_SUPPLIED MATERIAL_.
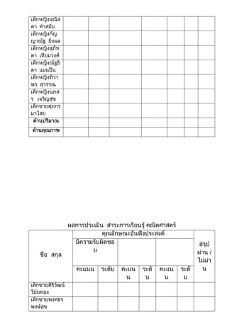 วิเคราะห์หลักสูตรการสอนคณิต DOCX
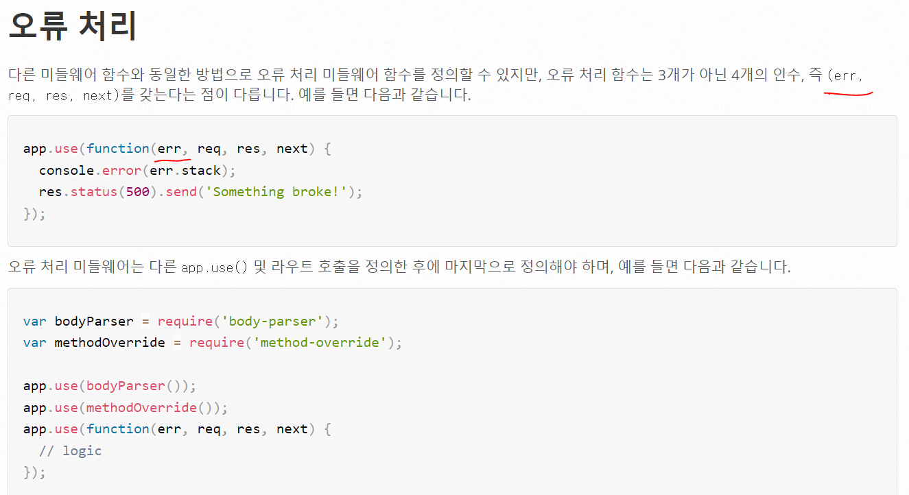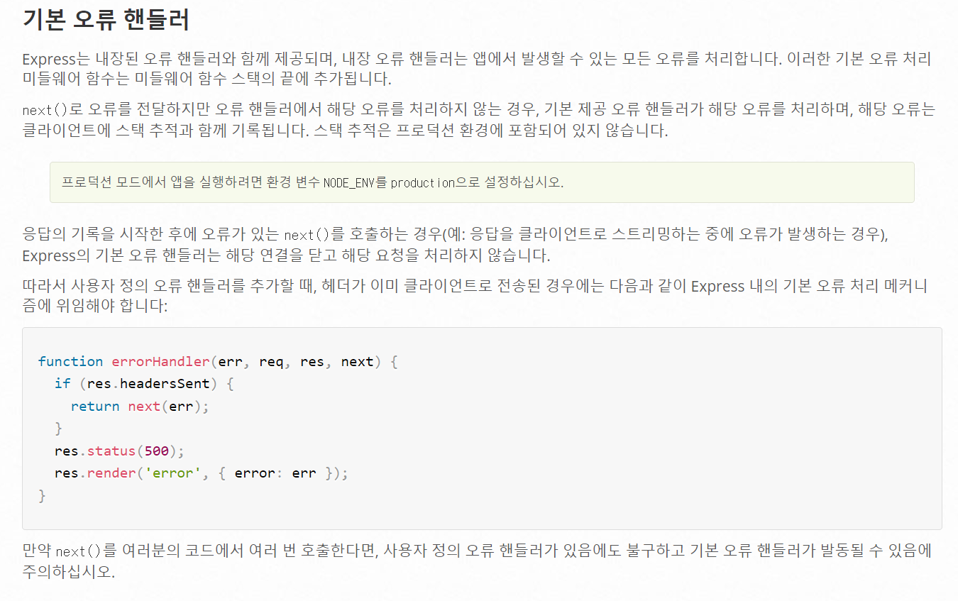 그래서 express.js에서는 해당 에러를 처리하기 위해서
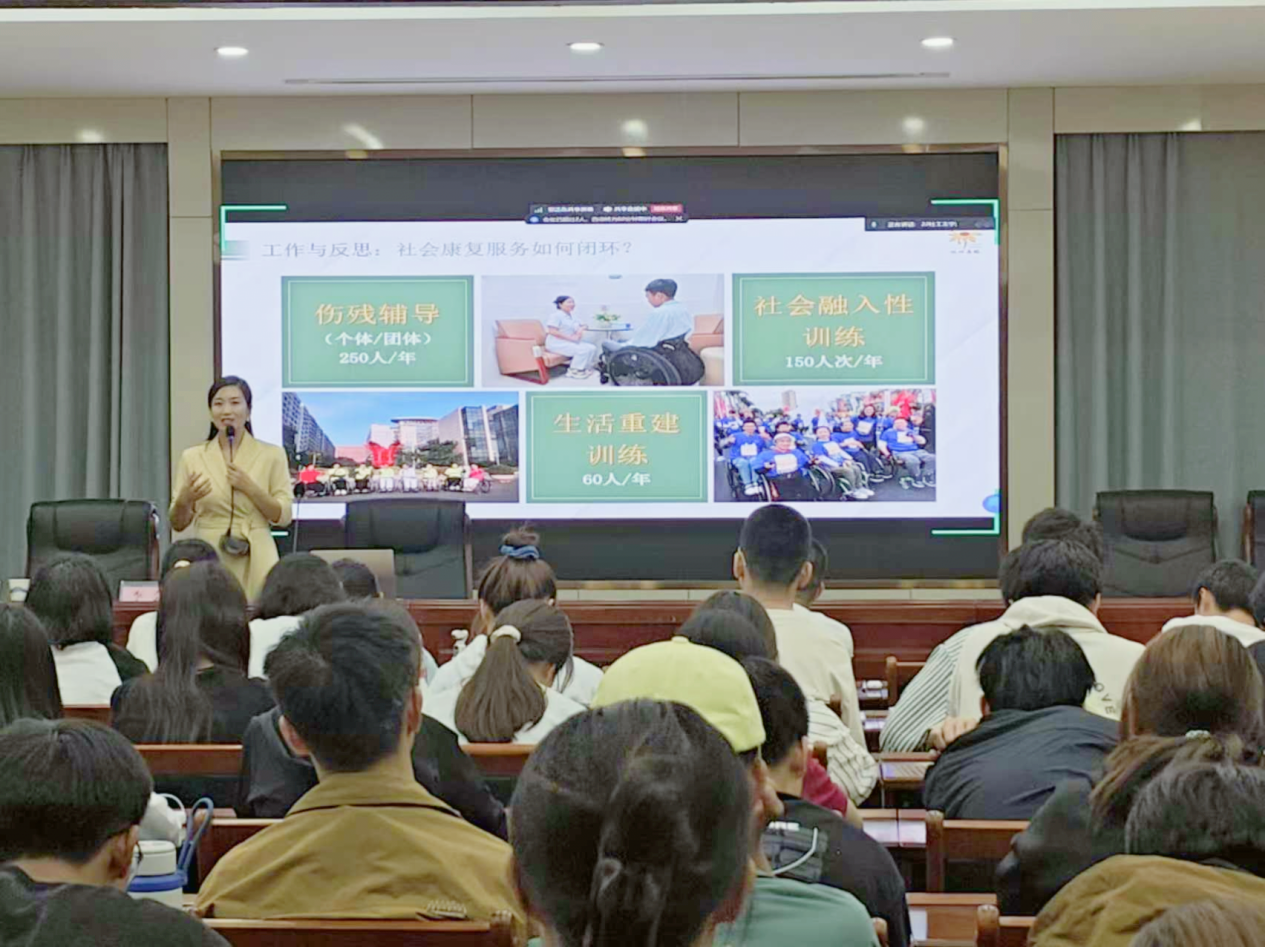 李会老师以自己的毕业论文框架为例,认为空间社会学、空间权利理论使其在学习过程中受益匪浅,并进一步提出空间赋权和患者主体性权利,阐述了开创三方联动双轨并行的干预模型,并将其命名其为医院社区营造。医院社区运营旨在为病人创造一个参与和自我发现的空间,通过组织病患义工队,改善医院文化,提升病人与医护人员之间的沟通,同时也增强了病人的主体性和参与感。尽管面临文化和体制的挑战,但是这项工作仍然获得了医院领导的认可和支持,并组织了一系列活动,包括病人义工队参与医院软性文化建设,如组织观影活动、广场舞等,甚至提出并实现了无障碍停车场的改造建议。通过这些努力,患者不仅获得了尊严和尊重,也成为了医院变革的重要参与者。其次,李会老师通过工作经验积累并且与患者家属进行接触发现,家属们仍会坚持保留一定的“门槛文化”,这种文化观念阻碍了患者及其家属接触外界的机会。当时有机会参与到5G科普馆的建设中,李会老师将前台接待岗位调整为容纳多人共同工作的形式,让更多残疾人有机会参与其中,这不仅改变了物理环境,也改变了社会文化环境,让残疾人有了更多的社会参与机会。残疾人在科普馆前台工作的过程中,他们的存在和互动也改变了周边环境。比如,他们需要每天上下班,通过地铁等交通工具出行,这促使地铁工作人员不得不改变服务方式,同时,他们在工作时的良好表现也吸引了更多人的关注,逐渐改变了社会公众对残疾人就业和参与社会活动的认知。在拓展其他三个一站式点中,博物馆教育活动、建立新的残障观、残健融合理念持续至今。随着项目的深化,博物馆不仅邀请参与内部活动,还专门设立了名为新型残疾人教育体验馆。这个体验馆使得李会老师的团队教育内容能够走出博物馆,进入小学、初中、高中、大学,甚至包括与星海音乐Hanime 的合作,使项目得到了更广泛的推广和应用。最后,李会老师为全体师生提供了三个案例,她指出:“互助社群是社工工作中的重要平台,个体的力量有限,需要通过群体的力量与社会环境和文化发生互动。我们致力于孵化互助社群,让服务对象能够成为互助组织的一员,从而激发他们的主体性和主动性,形成自助互助氛围,让他们看到自己也可以成为帮助他人的群体,而不是仅仅依赖他人。”

_ASSIGNMENT_.
Starting at the first line of the material, output exactly the lines up to and including the one with "그래서 express.js에서는 해당 에러를 처리하기 위해서". Do not include the pictures.

_PROBLEM SOLUTION_.
 วิเคราะห์หลักสูตรการสอนคณิต DOCX
 그래서 express.js에서는 해당 에러를 처리하기 위해서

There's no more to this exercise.